I fell into the same trap professionally as well. Not all that long ago, one of my company’s executives (and the man I now consider to be one of my career-defining mentors) announced a new corporate initiative during a meeting. And I wanted to be involved. Badly. But I waited until after the meeting cleared to approach the executive.

“About that task force?” I said. “I think I might be good at that.”

“You THINK you MIGHT be good at it?” he responded, eyebrows raised nearly to his hairline.

“Um. Yes?” I said/asked.

“Say what you mean. Get rid of the ‘thinks’ and ‘mights,’” he nearly shouted. “And don’t turn a statement into a question.”

“OK,” I said. “I’ll be good at this.”

Making a positive declaration about my personal abilities felt, well, weird. And I held back the desire to immediately follow the sentence with, “I mean, I think I might do well?”

I still catch myself occasionally using “up speak” and putting qualifiers around accomplishments. (Case in point: When I originally wrote about my kicking abilities in this post, I added two sentences detailing what I was NOT good at.) To grow professionally and personally, I HAD to become comfortable being my own cheerleader and, in Jen’s words, become unapologetically strong.

Do yourself a favor and read Jen’s post, and try banning qualifiers like “maybe,” “I think,” and “possibly” when expressing your ideas. And let me know what you think. Have you seen or experienced this? Is this a female problem? Or is it a genderless issue that comes with youth and inexperience?

Elizabeth Petersen is the executive vice president of revenue and strategy at Simplify Compliance. Before her current role, Elizabeth oversaw Simplify Compliance’s healthcare division, HCPro. She also has held roles in HCPro’s sales, product management, and content development departments. Before joining HCPro, she held editorial positions at JBLearning and CCI Communications. Elizabeth lives in the North Shore of Massachusetts with her husband and son and is passionately interested in corporate culture, innovation, women’s leadership, and caffeine.

E-mail Elizabeth your thoughts, questions, comments, and ideas, or connect with her via LinkedIn.


3 thoughts on “Do you think you could possibly read this? If it’s not a problem?”

  1. I don’t know if it’s youth or gender but I am an experienced, strong business woman and I am guilty of this. Thank you for sharing, I really needed this right now. It is the “kick in the butt” I needed.

    P.S. I can already see I will have to be more aware of my words because I already typed and deleted “might.” Wish me luck!

  2. I love the Oswald Letters and share them with my peers and reports on a regular basis.
    I think this problem of “up speak” and using qualifiers could be both a female and a genderless inexperience problem.

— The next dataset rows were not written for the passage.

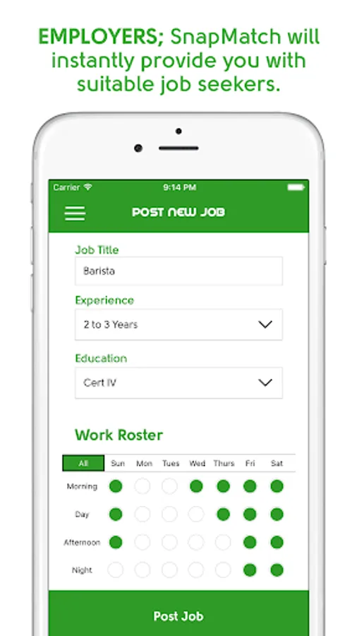 Job Seekers create a free personal SnapMatch profile letting SnapMatch and employers know when you require work. You will receive job offers that match your skills and availability.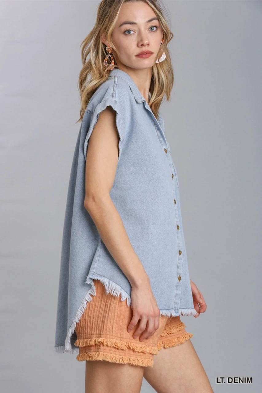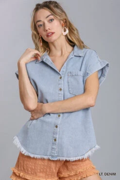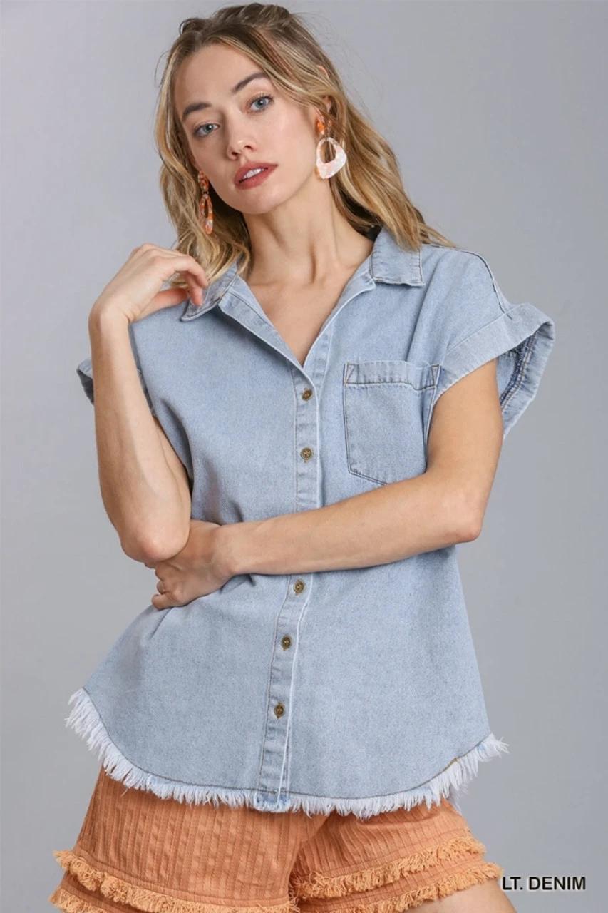 Denim Button Up Collared Short Sleeve Top with Chest Pocket and Frayed Hemline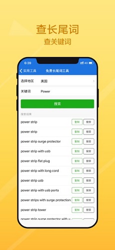 Real-time search for long-tail keywords to assist sellers in optimizing keyword search rankings.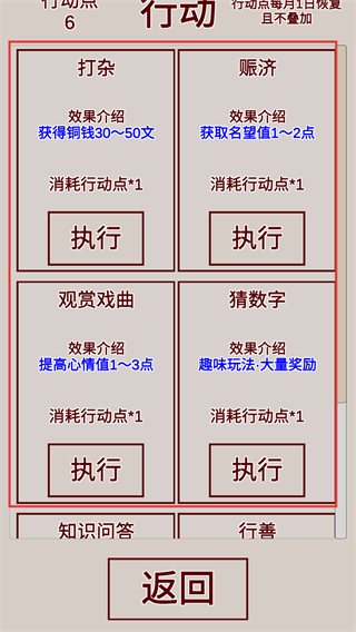 3、行動界面用行動點執行【打雜】獲銅錢30-50,或【賑濟】得名望1-2,也可選【觀賞戲曲】提心情或【猜數字】拿獎勵。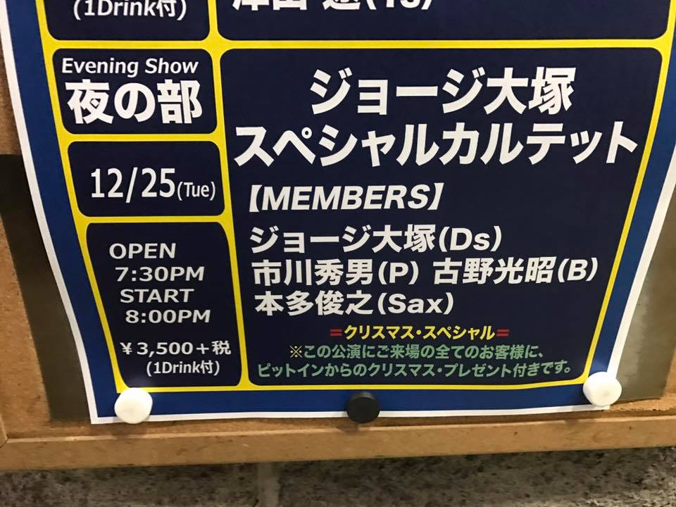 今日はジョージ大塚さんカルテットを観にピットイン参上。クリスマスライブで華やかな本多さんのアルトが炸裂。<<2018 Dec 25th ジョージ大塚(Ds)カルテット@新宿ピットイン >>ジョージ大塚(Ds)市川秀男(P)古野光昭(B)本多俊之(Sax) 1st1.If I Should Lose You2.Wayne Shorter - Footprints 3.Dindi - Tom Jobim。ピアノトリオで 4.?- ピアノトリオで 5.Winter Wonderland6.Straight, No Chaser 2nd7.MINHA SAUDADE-JULIAN "CANNONBALL" ADDERLEY 8.The Christmas Song9..?- ピアノトリオで 10.Mercy, Mercy, Mercy! - Cannonball Adderley 11.Someday My Prince Will ComeEnc12.?Freddie Freeloader
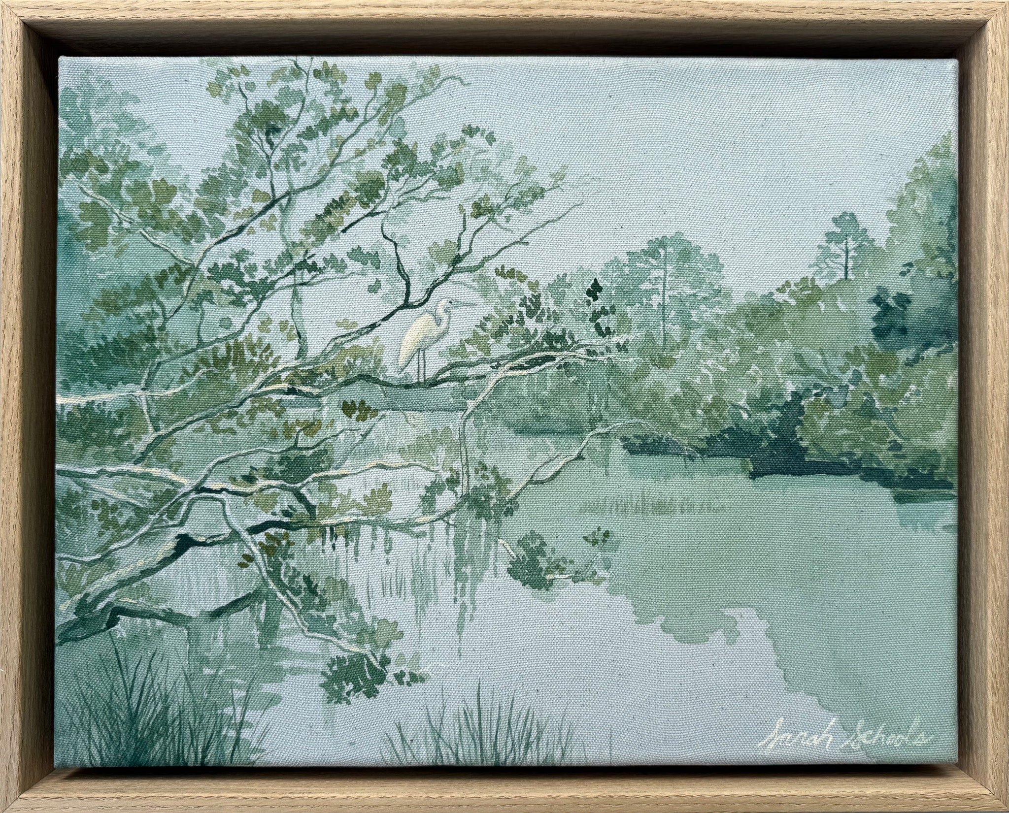 Much of Sarah Schools’ work reflects the warm, seasonal glow of the Carolinas. As both an oil painter and watercolor artist, she finds joy in discovering color in unexpected places—whether it's the dreaminess of golden hour, the soft depth of a cornflower blue shadow, or the delicate light that appears when the sun hits just right. Her creative process often involves experimenting with color to convey mood and atmosphere, layering bright hues and subtle tones with careful detail. Recently, she has been especially drawn to the flora and fauna of the Southeast, capturing native plants, trees, and the wildlife that inhabit them.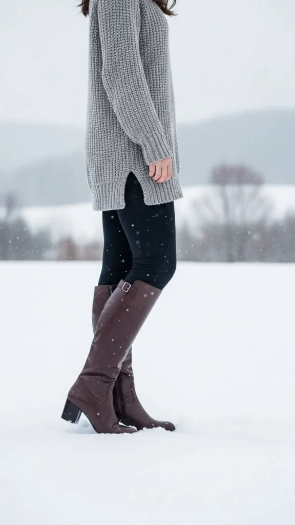 Thermal leggings add hidden insulation. A long sweater keeps things cozy. Knee-high boots protect your legs. This pairing suits relaxed winter activities. Add a belt if you want shape. Use socks inside boots for comfort.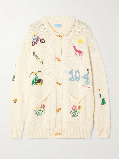 MOTHER's 'The Long Drop' cardigan is intarsia-knitted and embroidered with colorful motifs inspired by a trip to the countryside. It's knitted from cotton and alpaca-blend for a relaxed fit and has vintage-inspired toggle buttons.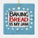 "Baking Bread Is My Jam" est un design de texte mignon en bleu avec du texte en noir et rouge, avec une forme d'accent blanc et des points blancs texturés blancs qui l'entourent.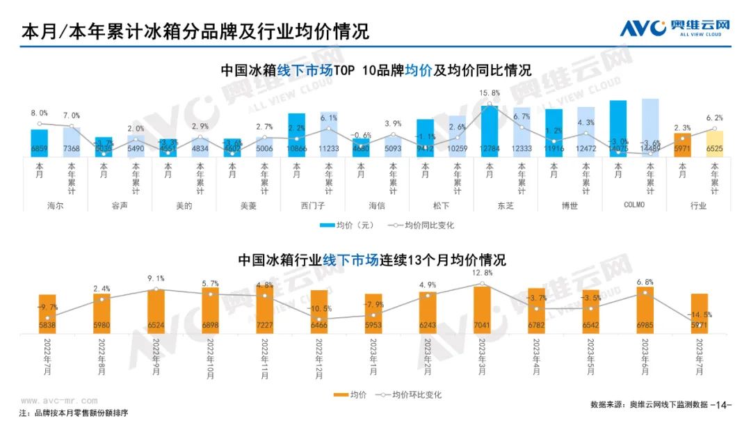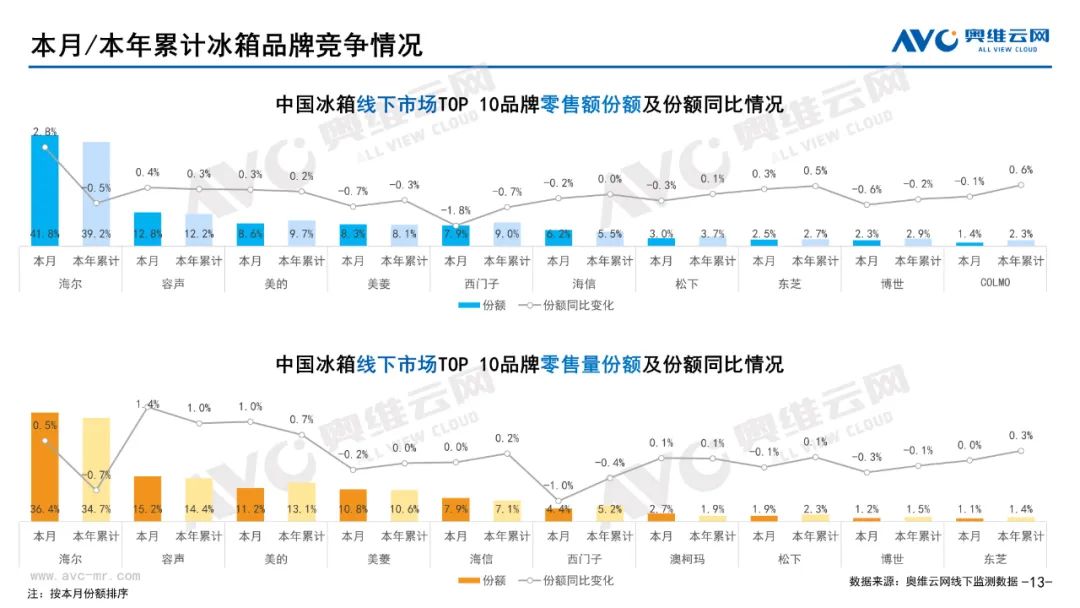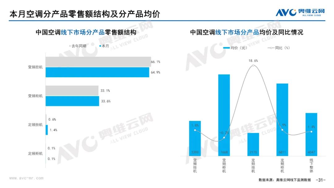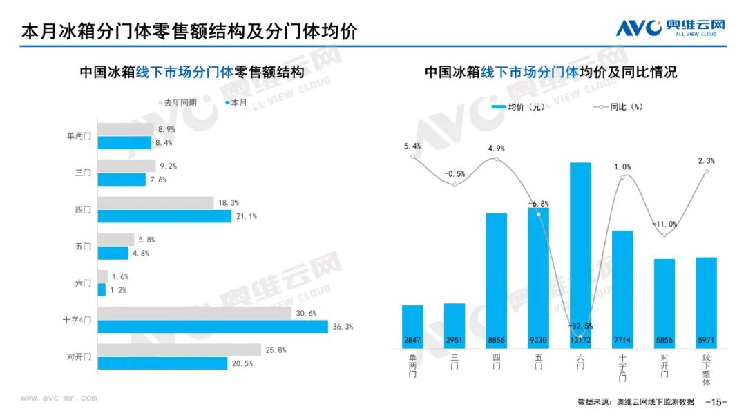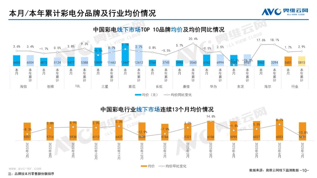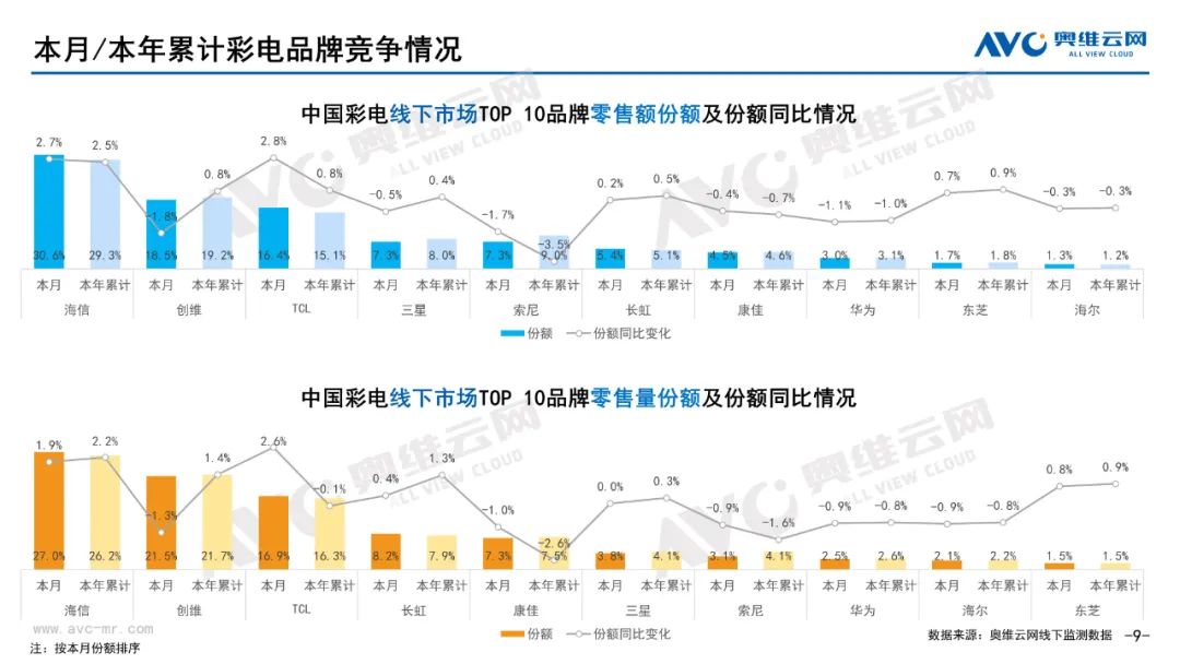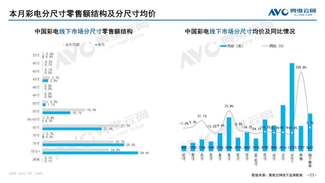 彩电:据奥维云网(AVC)线下市场监测数据显示,本月彩电线下零售额规模同比-4.8%;均价为5651元,同比1.7%;15000+的彩电零售额占比21.5%,同比1.0%;不同彩电尺寸中,75寸+彩电零售额占比34.6%,同比10.6%。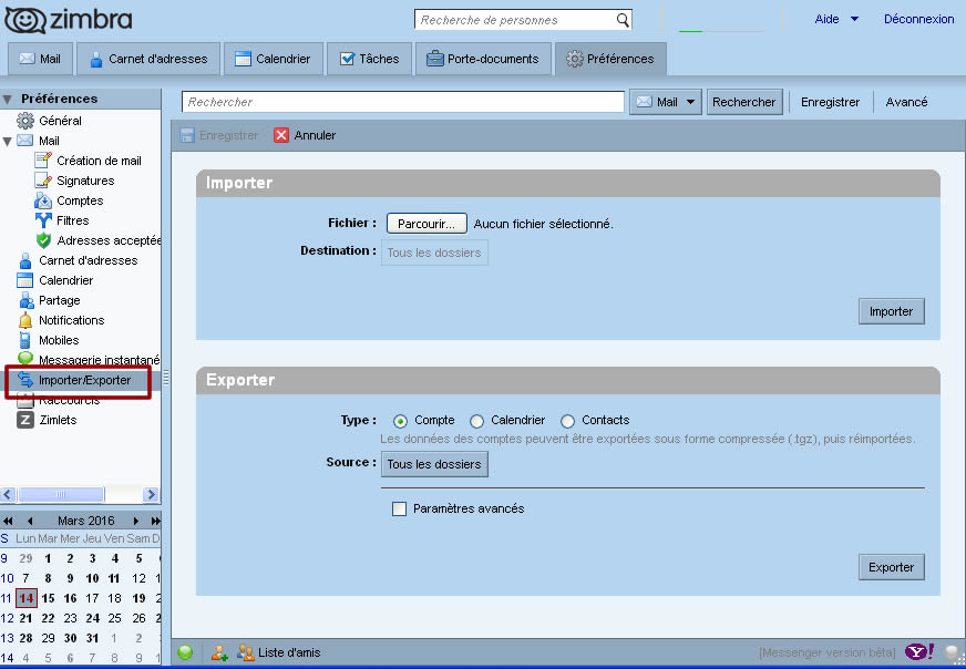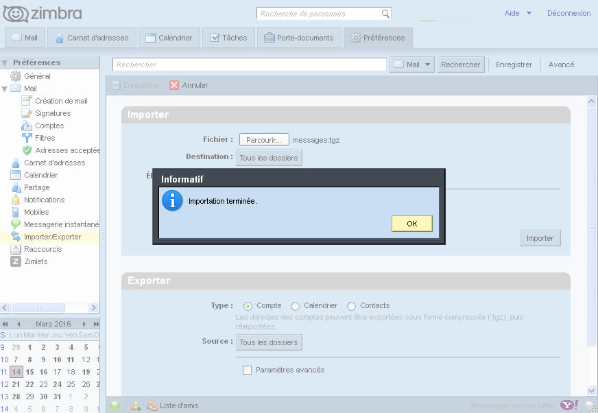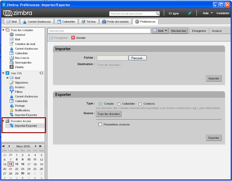 Pour importer le dossier dans Zimbra :

I have done it myself. Three and a half years ago the position I now hold, Operations and Logistics Manager opened up in my office and I would not have even applied for it if it weren’t for my boss who suggested I could do it. He was moving on to another position and I had been supervising the Customer Service Dept. However, once I decided to apply despite my fears, I was all in. I made sure to let the three people that interviewed me know that I could absolutely do the job and what I would do in order to accomplish it. I think this came from my years of experience and the successes I had had in the company so far. I am very proud that despite being a female in an industry that is dominated by males, that I did not even have a bachelors degree and that I was past my prime as they would say, I got the job and have been very effective in my role. I will be sharing this letter it spoke to me greatly.
    Thanks for sharing.

  3. Norman Vincent Peale wrote “The Power of Positive Thinking” that describes in detail this very thought. If you think you can…..you can! If you think you can’t, your right!